Search code examples
sql-servervb.netssisssis-2012isql

SSIS Script Component - Iterate Through Columns with NULL Values


I am using the following .NET code to iterate through all input columns to create a HashByte value of the columns to then determine if the row has been updated.

The script works fine until a column has a NULL value. How can I code around this without using a TRY CATCH block?

Imports System.Text
Imports System.Reflection
Imports System.Security.Cryptography

Private sha As SHA256 = New SHA256CryptoServiceProvider() 'used To create the SHA256 hash

Public Overrides Sub Input0_ProcessInputRow(ByVal Row As Input0Buffer)

    Try

        ' create hashbyte column to identify if row has changed

        Dim concat As StringBuilder = New StringBuilder("")

        ' loop over all the input columns of the buffer row 

        For Each col As PropertyInfo In Row.GetType().GetProperties()

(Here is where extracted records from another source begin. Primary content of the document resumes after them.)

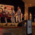 Völlig abrupt, aber geplant und wohl durchdacht, erklang kurz danach Marschmusik aus den 90er Jahren des 20. Jahrhunderts und in der Uniform der frühen Turnzeit, eben aus der Gründerzeit des Turnvereins, marschierten 20 Männer auf die Bühne um eine Stabgymnastik zu zeigen, die ihnen ihre Trainer Wolfgang Wünsch und Hans Zechmeister beigebracht hatten.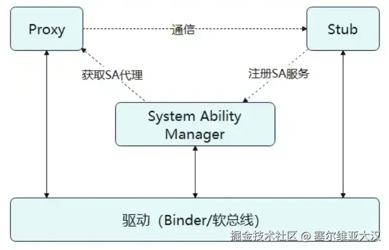 - 获取 SA 通过 SA 的标识和设备 NetworkId,从 SAMgr 获取 Proxy,通过 Proxy 实现与 Stub 的跨进程通信。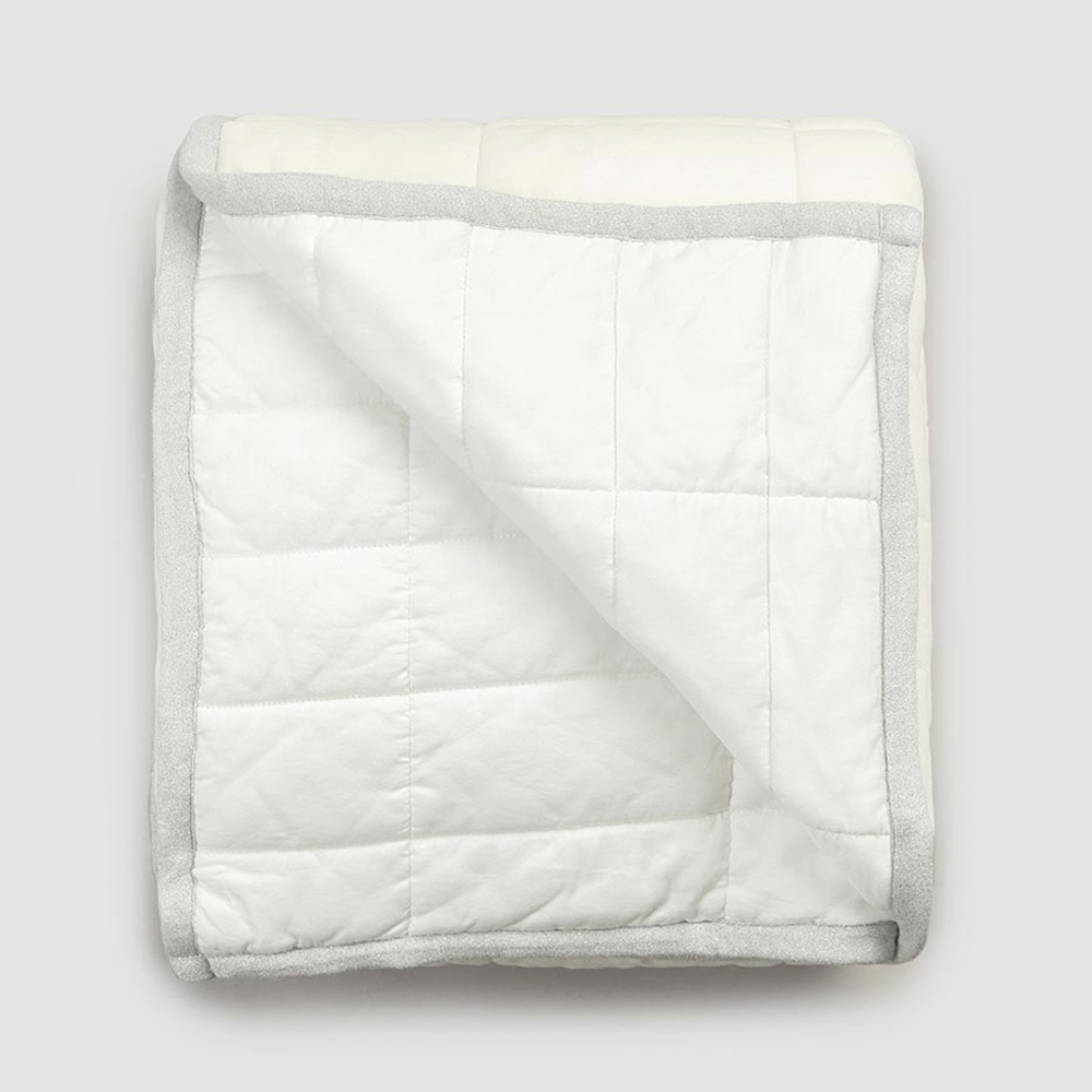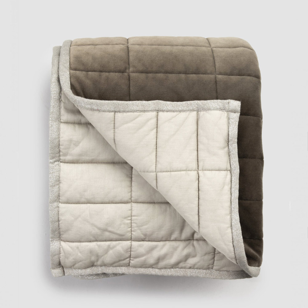 Kasta filt i bomullssatin och chenille med lurexkant, hög kvalitet tillverkad i Italien.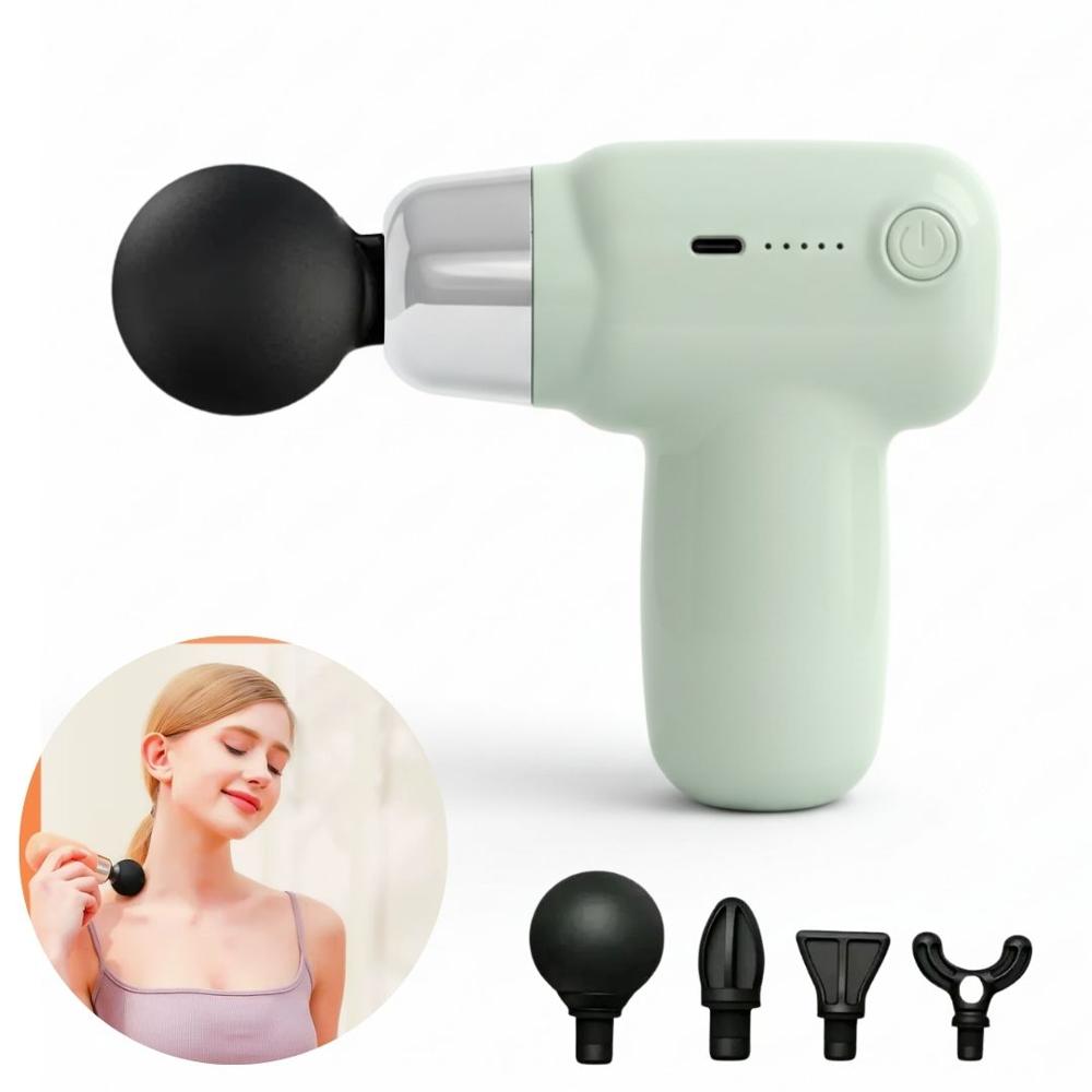 Pistola Masajeador 4 en 1 Masaje Muscular Multifuncional 5 Velocidades Verde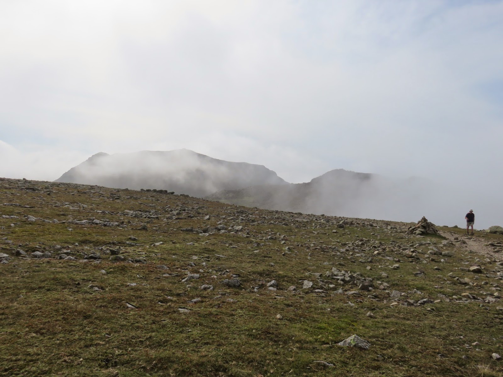 A deep col separates Scafell Pike from Broad Crag, a bit dispiriting considering the efforts undertaken to reach Scafell Pike. Still, it would be even more dispiriting approaching from the other direction, the summit stands so close yet apparently so very far away. Clouds were beginning swirl in by this point, shielding the best of the views which was a shame. We reached Broad Crag, staked our claim to it and pressed on, over the strewn boulders to the col between Broad Crag and Ill Crag.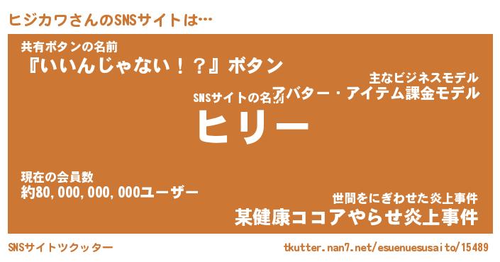 | ファンタジー風あだ名 | 『ヒジフェル』『エターナルヒジカワー』 |
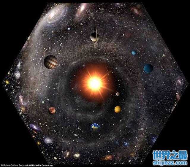 布达西表示:“当时我正为儿子画六角变形体(hexaflexagon),想把这个当成送给他的生日礼物。我开始以太阳系为中心绘制整个宇宙,此后突然冒出利用对数图展示宇宙的灵感。接下来的几天,我将美国宇航局抓拍的照片与我自己创造的纹理进行整合,最终画出了这张图。”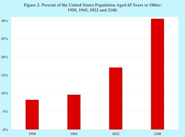 Porcentaje de la población de Estados Unidos con 65 años o más: 1950, 1965, 2022 y 2100. Fuente: Naciones Unidas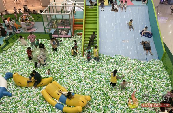 孩子们在市区一家商场内的游乐园玩耍

            If Not col.Name.ToLower.EndsWith("isnull") AndAlso Not col.Name.ToLower.Equals("hash") Then
                MsgBox(col.Name.ToLower)
                If col.GetValue(Row, Nothing) Is Nothing Then
                    concat.Append("")
                Else
                    concat.Append(Convert.ToString(col.GetValue(Row).ToString()))
                End If

                concat.Append("|")
            End If

        Next

        Dim sHashBytes As String = concat.ToString().Remove(concat.ToString().Length - 1) ' remove the last character of the string
        Dim bHashBytes As Byte() = sha.ComputeHash(System.Text.UnicodeEncoding.Unicode.GetBytes(sHashBytes))
        Dim sb As StringBuilder = New StringBuilder("")

        For i As Integer = 0 To bHashBytes.Length - 1
            sb.Append(bHashBytes(i).ToString("X2"))
        Next

        Row.Hash = "0x" & sb.ToString()

    Catch ex As Exception
        MsgBox(ex.ToString)
    End Try
End Sub

Thanks, Greg


Solution

  • Well, assume that all input columns are of type String. I post a fragment of code which concatenates all string columns into a string (in C#) for omitted calculations.

    public override void ProcessInput(int InputID, PipelineBuffer Buffer)
    {
      bool fireAgain = true;
      string columnData = null;
    
      while (Buffer.NextRow())
      {
        for (int columnIndex = 0;
          columnIndex < Buffer.ColumnCount;
          columnIndex++)
        {
    
          if (!Buffer.IsNull(columnIndex))
          {
            BufferColumn columnInfo = Buffer.GetColumnInfo(columnIndex);
            switch (columnInfo.DataType)
            {
    
              // check column data type
              case DataType.DT_WSTR:
                columnData += Buffer.GetString(columnIndex);
                break;
    
              // add code to support more data types here
    
              default:
                columnData = "";
                break;
            }
          }
        }
      }
      // Do some calculations...
      base.ProcessInput(InputID, Buffer);
    }
    

    Reason why calling ProcessInput and not Input0_ProcessInputRow - in the latter you have all columns with column named properties, so cannot loop over them. This method is called per each buffer, so mode data (and buffers) you will have, the more calls you will receive.
    Calling base.ProcessInput(InputID, Buffer) is essential for correct buffer handling, marking it processed and being available to further data flow transformations.

    Inspired by Todd McDermid's Blog post on this.